Herman Cain’s deceptive and unfair tax plan
REPUBLICAN PRESIDENTIAL candidate Herman Cain’s 9-9-9 tax plan was the centerpiece of Tuesday’s Post-Bloomberg debate. Mr. Cain claims his proposal is a “bold plan to grow this economy” while getting the debt under control. His opponents warned variously that the plan would never pass (former Pennsylvania senator Rick Santorum) or that it would (Minnesota Rep. Michele Bachmann), giving Congress the “pipeline of a new revenue stream” that would inevitably be cranked higher.
Mr. Cain’s plan is problematic, but not for the reasons his fellow presidential contenders claim. Rather than putting the country on a sustainable fiscal path, it risks not producing enough revenue to fund the government’s needs. It would turn the current progressivity of the tax code upside-down, giving a windfall to the wealthy and hiking the tax burden for the least well-off.
Mr. Cain would junk the existing, Byzantine structure of rates and deductions in the individual income tax code. He would end the estate tax, the payroll tax to fund Social Security and Medicare, and the capital gains tax. Instead, individuals would pay a flat tax rate of 9 percent; the only deduction that would remain would be for charitable giving. Businesses would pay corporate taxes at the same 9 percent, instead of the current 35 percent. And there would be a new national sales tax set at, you guessed it, 9 percent.
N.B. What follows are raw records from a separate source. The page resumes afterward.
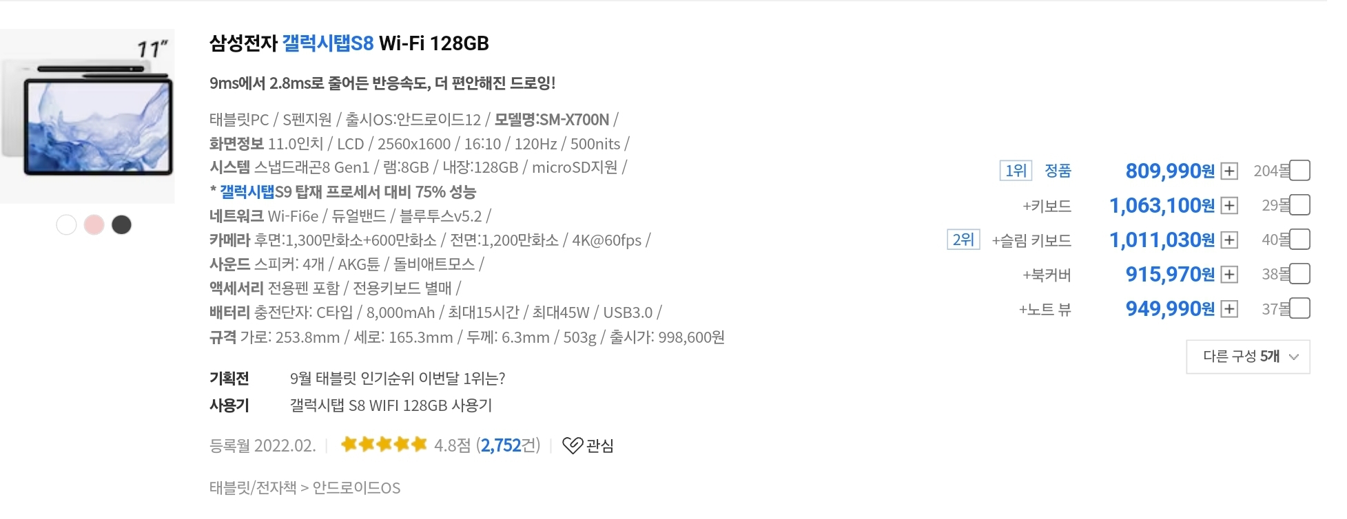 50만원 이하의 태블릿은 가격 경쟁력이 있어보인다.
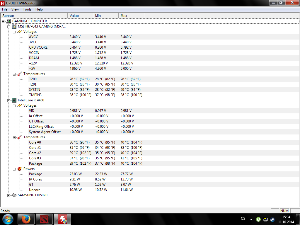 Mám podezření na zdroj, ale PC se i v zátěži nevypíná a funguje skvěle, takže si nejsem jistý. Tady je screen z HW Monitoru, v napájení mě znepokojuje hodnota 8V u +12V, ale stejná hodnota tam byla i předtím.
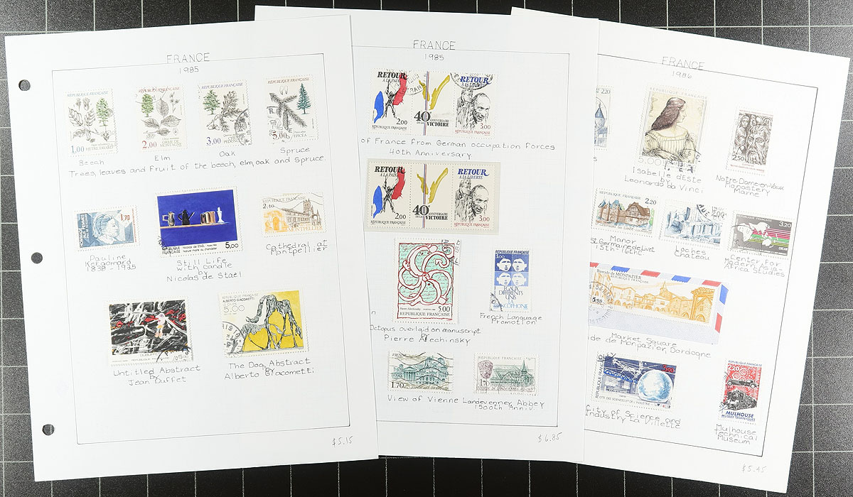 Lightly duplicated, mostly used 1980 to 1989 period collection, all mounted on hand-lettered quadrille pages. All regular commemorative and definitive issues (no "Back of the Book" material). A total of 550 stamp and souvenir sheets. Owner's cat US$378.35 =
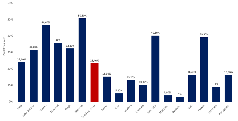 Historicky je Česká republika zemí, kde jsme zvyklí nemovitosti vlastnit. Na grafu níže vidíme, že jen 24 % lidí u nás bydlí v nájmu. U našich sousedů jsou tyto poměry podstatně vyšší, v Německu 50 % a v Rakousku 40 %.
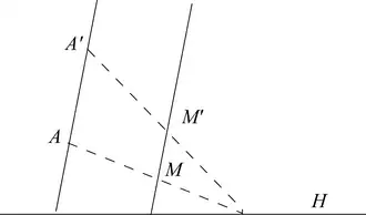 On montre que la droite garde une direction fixe , ce qui montre que s'obtient par projection de dans (projection de base et de direction ). Connaissant , on en déduit par rotation[10].
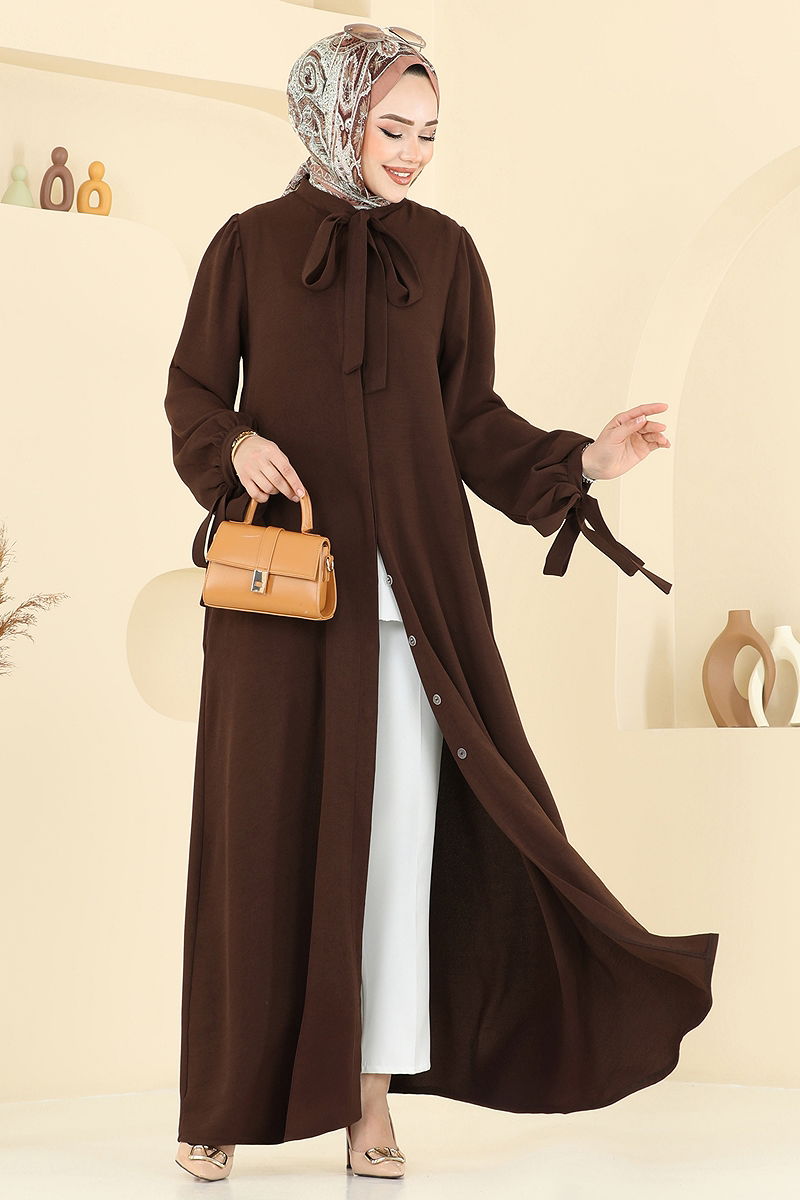The Laced Cuff Dress Abaya is a stylish and modern hijab dress that can be comfortably worn in all seasons. Its carefully selected crepe fabric enhances wearing comfort, while its machine washable feature at 30 degrees Celsius adds practicality. Its scarf collar and hidden buttons enhance its elegance, while its unlined structure provides a light and comfortable wearing experience. The laced cuffs add a modern touch. This dress, which can be confidently chosen in any setting, elegantly represents hijab fashion.
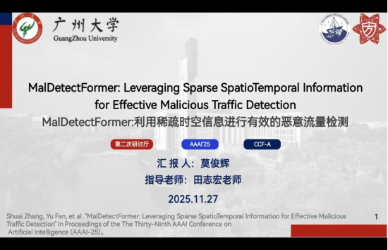 报告题目:【MalDetectFormer:利用稀疏时空信息进行有效的恶意流量检测】

Would this produce enough revenue? Mr. Cain, without providing details, insists that it would produce as much as the existing tax code. “We have had an outside firm, independent firm dynamically score it,” he said at the debate. Leave aside the point that the current tax code does not generate adequate revenue to meet the needs of an aging society. Mr. Cain’s argument of revenue-neutrality rests on the sleight of hand of dynamic scoring — taking into account the economic growth to be generated by lower tax rates. This kind of faith-based tax analysis is too dubious a basis on which to rest an economic program. Bloomberg News, analyzing Mr. Cain’s plan, found that it would have generated $200 billion less in 2010 than the government’s $2.2 trillion in collections that year.
Even if it generated adequate revenue, Mr. Cain’s plan would do it on the backs of the least well-off — and to the benefit of the wealthiest taxpayers. The 47 percent of households that do not pay federal income tax because their earnings are too low would be subject to a new 9 percent tax on their income — plus the impact of the 9 percent sales tax, with no exceptions for spending on basic needs such as food, clothing and shelter. Getting rid of the payroll tax won’t help them because Mr. Cain would also eliminate the earned-income tax credit and other benefits targeted at lower-income taxpayers. In an new paper, University of Southern California law professor Edward D. Kleinbardexplains that the plan operates by “drastically increasing taxes on the working poor and middle class and reducing income taxes going forward on the rich.” The appealing simplicity of Mr. Cain’s plan is deceptive. Rather, it is simplistic — not to mention fiscally irresponsible and fundamentally unfair.